Infected individuals conducted fewer crossings between the white and black compartments in the light-dark preference test and moved a shorter distance in the social preference test, both commonly used indicators of locomotor activity34,44,45. These results are in line with previous literature on several host-parasite systems, in which parasite infection was associated with reduced locomotor activity46,47,48. Parasites can affect host locomotion through alterations in host morphology and/or physiology49. For example the trematode Ascocotyle pachycystis infects the heart and reduces swimming performances in the sheepshead minnow (Cyprinodon variegatus)50. In our study, we observed a reduction in body size (both length and mass) with infection, a trait that potentially could influence locomotion. However, Tran and Gerlai45 found that individual differences in locomotor activity do not shift substantially with length or weight in zebrafish, and thus is unlikely to be a major driving factor in our observed effect on locomotion. Instead, P. neurophilia may directly affect locomotion by infecting nerve tracts controlling motor function27,30, a scenario that deserves further investigation. Alternatively, a change in locomotor activity can be caused by the parasite’s effect on host energy metabolism and immune or endocrine function. Indeed, reduced locomotion and growth in infected zebrafish can represent subtle symptoms of sickness behaviour (characterized by lethargy, anxiety and anorexia), an adaptive and organized behavioural strategy aimed at for example conserving energy51.

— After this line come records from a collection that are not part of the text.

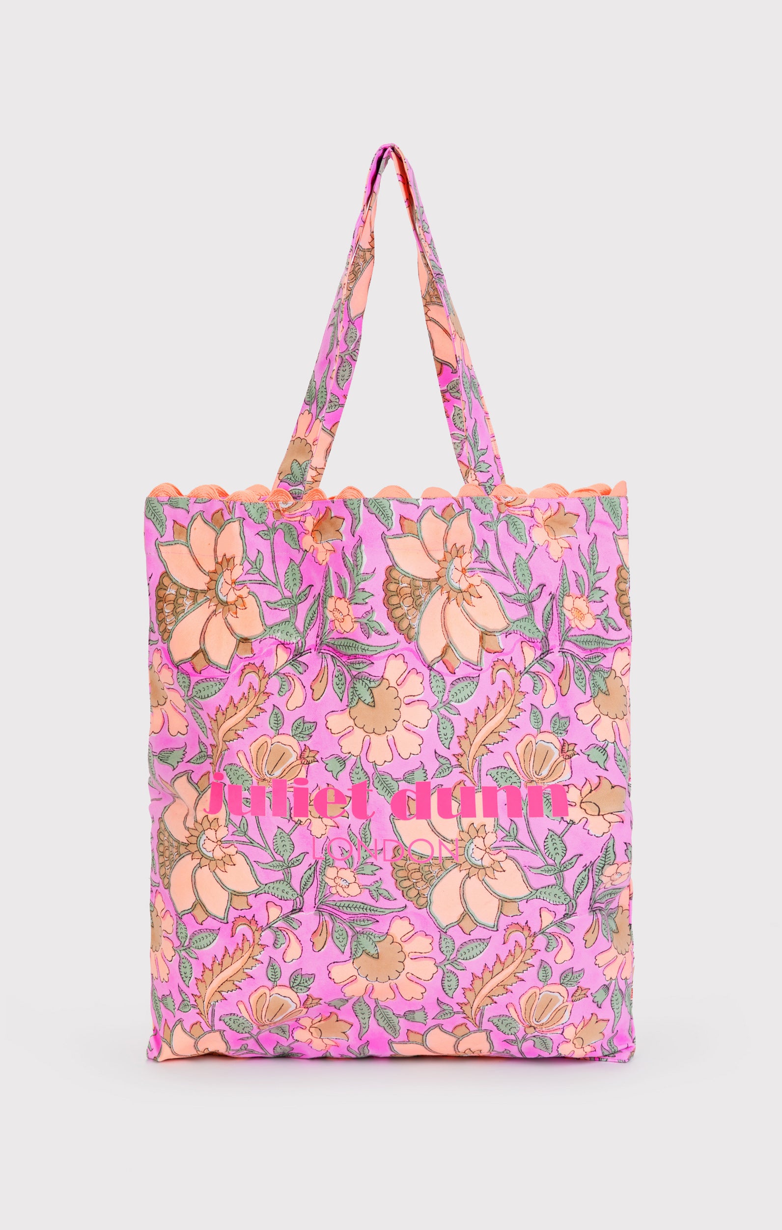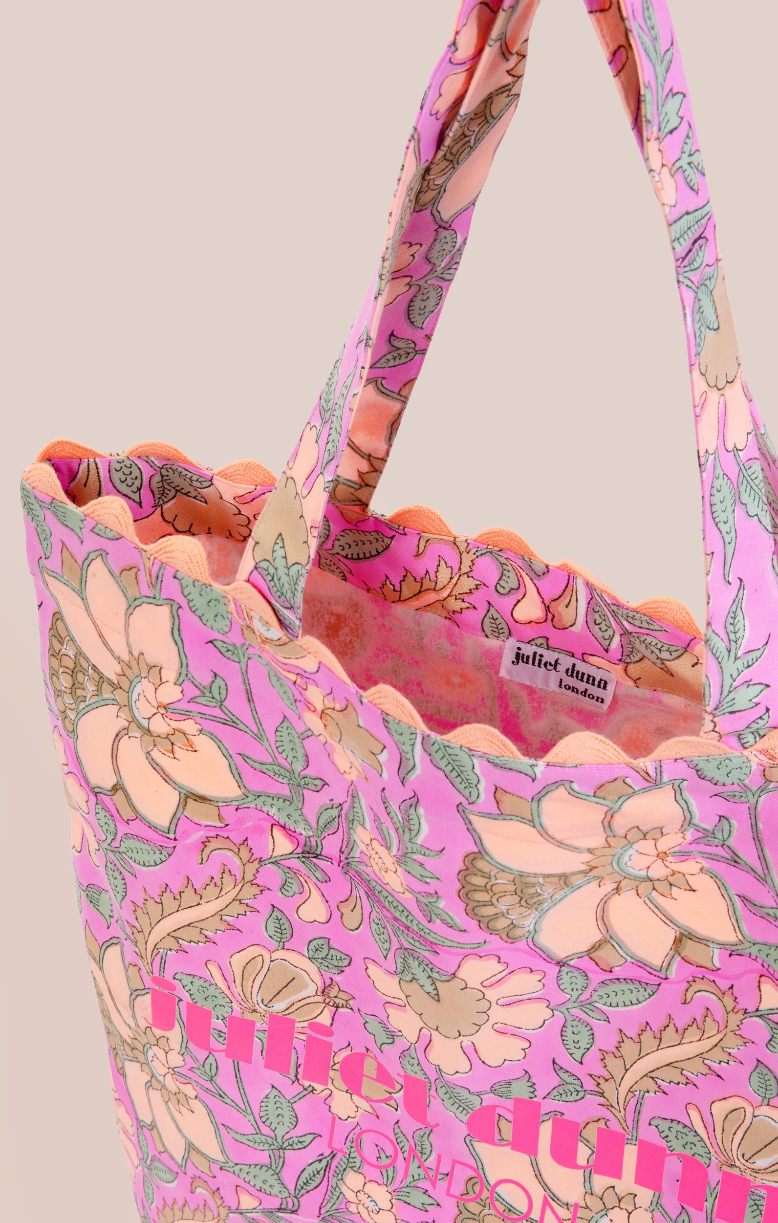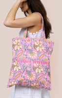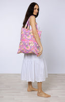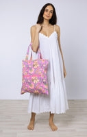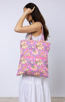 This tote bag, featuring a vibrant orchid block print, is perfect for all your needs (and a few of your wants too)! Whether you're headed to the beach, the grocery store, or just out and about, this bag has got you covered. With its spacious interior and durable construction, this tote will become your new go-to for all your daily adventures.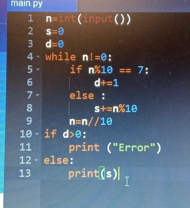 грамму, в которой, если число «7»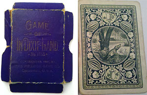 In Dixie-Land was one of more than 30 games made by the Fireside Games Co. of Cincinnati, OH, starting around 1895. The series was sold as educational games for 25 cents to 35 cents.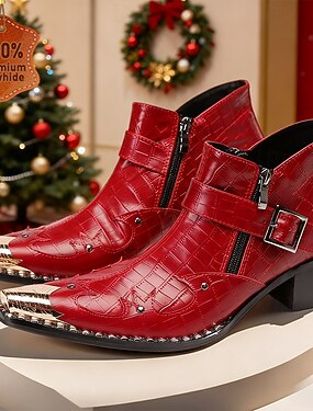 Men's Red Crocodile-Patterned Leather Boots with Silver Accent – Sophisticated Christmas Footwear for Holiday Festivities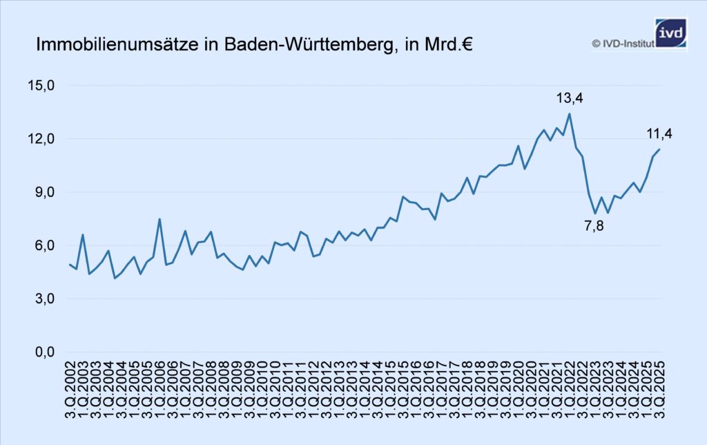 Die Entwicklung der Immobilienumsätze in den ersten drei Quartalen 2025 bestätigt den anhaltenden Erholungstrend auf dem Wohnimmobilienmarkt in Baden-Württemberg. Diese Tendenz wird sich laut der IVD-Hochrechnung fortsetzten. Das Jahresergebnis aus dem Jahr 2024 mit insgesamt 36,3 Mrd.€ wird aller Voraussicht nach deutlich überschritten. Das Umsatzvolumen könnte sich bis Jahresende 2025 bei rund 43 Mrd. € einpendeln.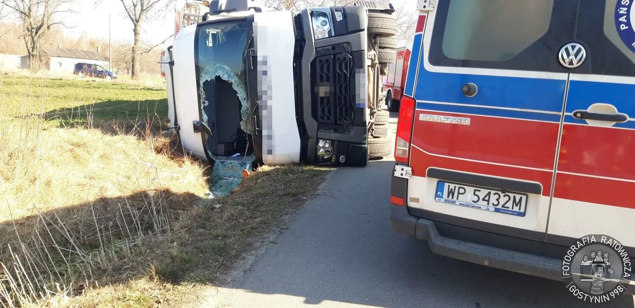 Opisywane zdarzenie działo się w poniedziałek, 14 marca, około godziny 11:00 w miejscowości Huta Zaborowska (gmina Gostynin) . Jak podaje Gostynin 998, to wtedy do SKKP PSP Gostynin wpłynęło zgłoszenie o przewróconej ciężarówce z naczepą, która wiozła żywy drób.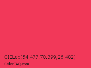 CIELab 54.477,70.399,26.482 Color is a normal red color and the nearest color is Desire #ea3c53. Hex code #f23859 and RGB value is rgb(242,56,89). In RGB color space, this color is composed of 95% red, 22% green, 35% blue, In CMYK color space, this color is composed of 0% cyan, 77% magenta, 63% yellow , 5% black , In HSL color space, this color has a hue angle of 349° , 88% saturation and 58% lightness.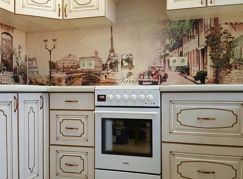Выбрать правильный цвет можно, ориентируясь на выбранный стиль кухни. Для классического интерьера лучше всего подойдут спокойные пастельные, бежевые, светлые гаммы. Красиво будет смотреться ваза с полевыми цветами в виде панно на стене, беседки, увитые плющом, морская пристань с кораблем, луговые пейзажи.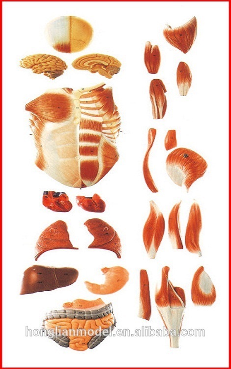 - Mô hình giải phẫu hệ cơ toàn thân GD/A11301/1, GD/A11302/2 bao gồm 27 phần, chẳng hạn như cơ ngực và bụng, cơ bắp chi trên và dưới, hộp sọ, não và nội tạng.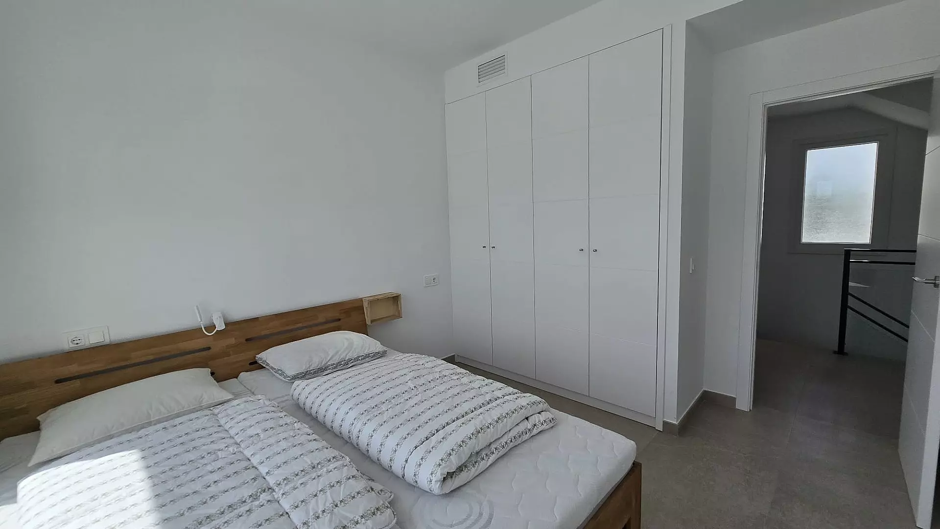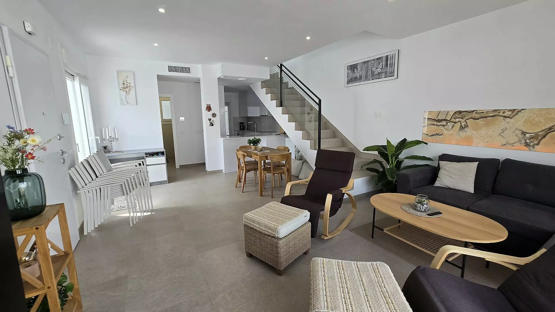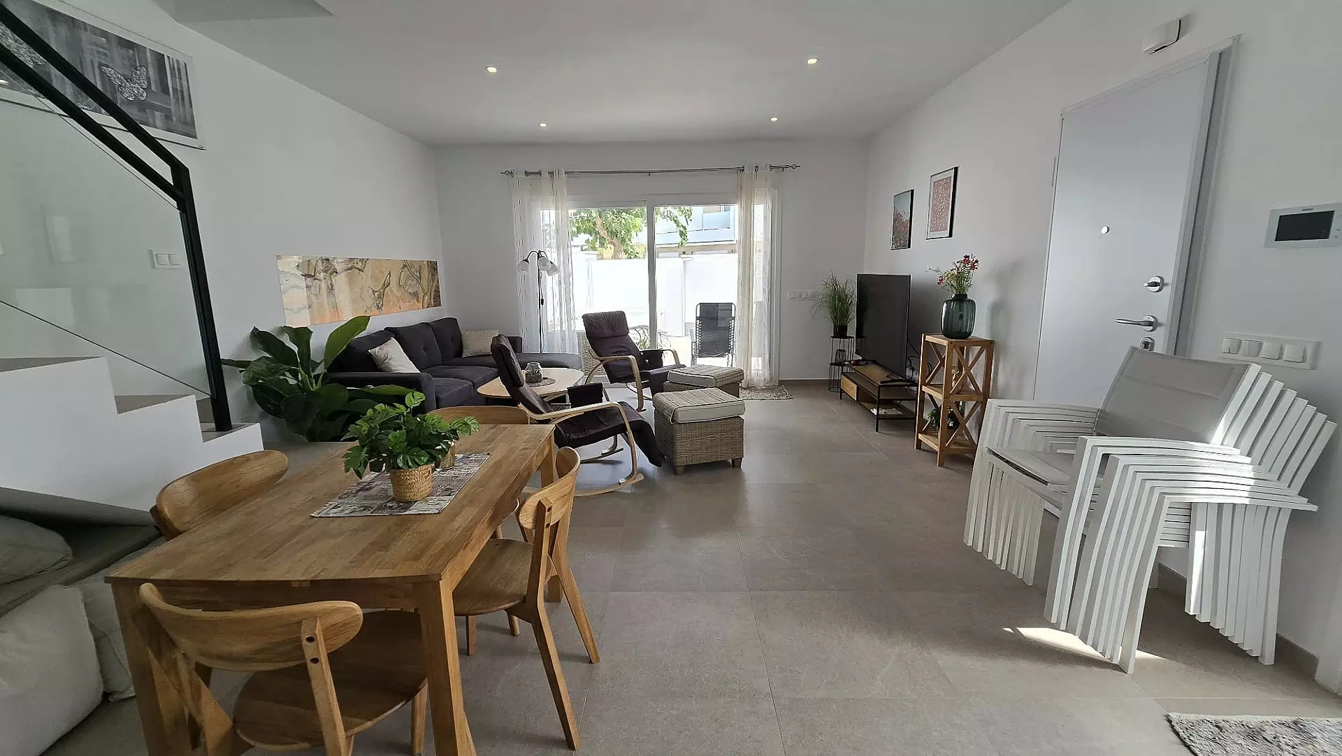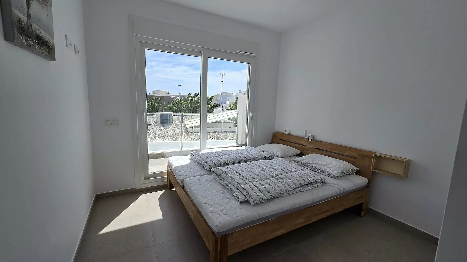 This villa comprises three bedrooms and two bathrooms, accommodating up to six individuals comfortably. The open living space receives ample natural light and includes direct access to the garden. High-quality materials are used throughout the interior, and the property comes fully furnished. Key items included are garden furniture, a lounge set, sunbeds, air conditioning, a smart TV, a washing machine, and a fully equipped kitchen featuring a dishwasher and freezer.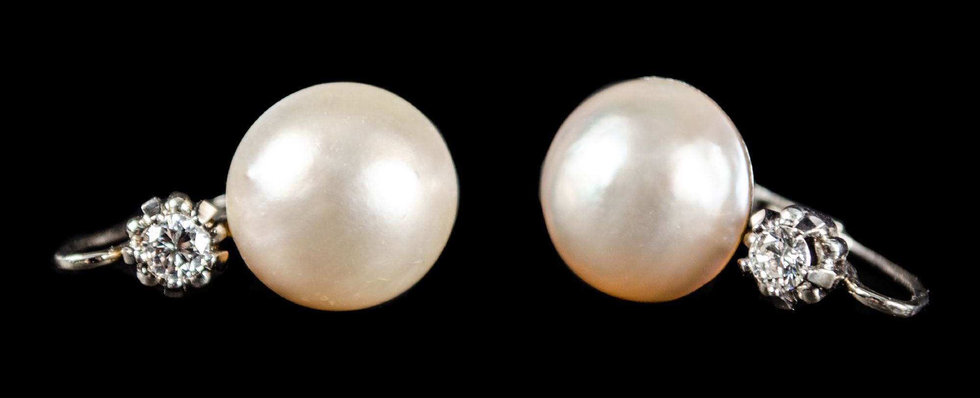 Lotto 853 | ORECCHINI in oro bianco 18 Kt. con diamanti taglio brillante e perle mabe'...

Sickness behaviour is sometimes also characterized by anxiety52. Indeed, increased freezing behaviour observed with P. neurophilia infection in both the open field and the mirror biting tests (Fig. 3B) could reflect anxiety-like behaviour. Spagnoli et al.27,30 recently reported that P. neurophilia infects brain areas associated with anxiety and fear-learning53. However, freezing behaviour may not be a reliable measure of fear and anxiety in zebrafish since neither alarm pheromones nor the presence of predator cues increased freezing behaviour in zebrafish43,54,55. Alternatively, increased freezing in P. neurophilia infected zebrafish in our study could reflect immobility. In fact, the terms freezing behaviour and immobility are used interchangeably in the zebrafish literature and are difficult to differentiate36. Immobility is a well-known response to animal infection56 and in line with our observations of a general reduction in locomotor activity (i.e., crossings and distance moved, as described above).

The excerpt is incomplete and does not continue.